Resource mapping comes next. Ideally, all clock cycles on every processing unit are used for DSP operations. Anywhere from one to eight compute units are simultaneously available in a DSP for this purpose.
Multiply-accumulate (MAC) in one clock cycle is the most often used operation. During this design step, the bus system poses a bottleneck in many in-stances. The issue is that all compute units need to store many operands and results in one clock cycle, over one bus, into one memory. Often this data connectivity cannot be achieved with DSP. The consequence of this bottleneck is unused compute units, or "dead" silicon, which continues to dissipate power.
At the third simulation stage, a number of key determinations are made to ensure that the design has the targeted performance, buses are available, all computing units are fully used, and so forth. Usually, some operations remain too slow because C language doesn't always map efficiently to a DSP's architecture.
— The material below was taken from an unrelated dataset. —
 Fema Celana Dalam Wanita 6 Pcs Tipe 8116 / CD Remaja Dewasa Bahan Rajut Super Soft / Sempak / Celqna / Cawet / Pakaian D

This is where assembly-language optimization comes in. C-language instructions are rewritten in assembly language so that the design can map more closely to the DSP architecture.
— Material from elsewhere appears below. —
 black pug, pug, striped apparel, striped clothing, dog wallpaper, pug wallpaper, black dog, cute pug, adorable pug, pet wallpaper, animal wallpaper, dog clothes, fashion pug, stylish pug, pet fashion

Differing Design Flows: The design flow between a DSP and an adaptive-computing machine begins to differ at the 16-bit fixed-point conversion. At this stage, adaptive computing starts to pay major design benefits. At the 16-bit fixed-point conversion stage, bit accuracy becomes a moot point because adaptive computing doesn't only offer a fixed 16-bit machine that can simulate 32-bit instructions. On the contrary, adaptive computing is a variable-precision machine that reduces the limitations on bit widths. A design doesn't have to be 16 bits. It can be 1, 8, 16, 24, or 32 bits or larger, offering considerable flexibility over the highly restrictive DSP 16-bit fixed-point conversion.
If certain operations require higher precision, that particular information will be specified in the high-level language (HLL), and no performance penalty is associated with ordering the higher bit precision. Also, the cost of going from 16 to 32 bits is much lower than with a DSP. For example, with an ACM, structures handling either 16- or 32-bit multiplications can be created. Each structure is equally efficient with virtually no design penalties. The program performs at the same speed whether it's a 32- or 16-bit execution.
The difference is that more computational resources are used in the ACM, but not more time. This form of conversion brings smoother simulation. Even if errors occur in the conversion process, simulation remains simpler than with a DSP because increasing precision doesn't generally make an impact on time necessary to execute an algorithm. By using adaptive computing at the resource-mapping stage of a design, the designer has ample re-sources and subsequent performance as these resources operate simultaneously and asynchronously.
Inherently, a DSP executes one in-struction at a time and a series of sequential instructions to perform a given function. On the other hand, adaptive computing performs the same function considerably faster by executing many groups of HLL operations as a single algorithmic block.
Further, the interconnect structure between resources on an adaptive-computing chip is nonblocking, as compared to a DSP where bus contention issues are a major performance concern. This means that bandwidth is available whenever two resources (nodes) must connect, thereby contributing to higher performance.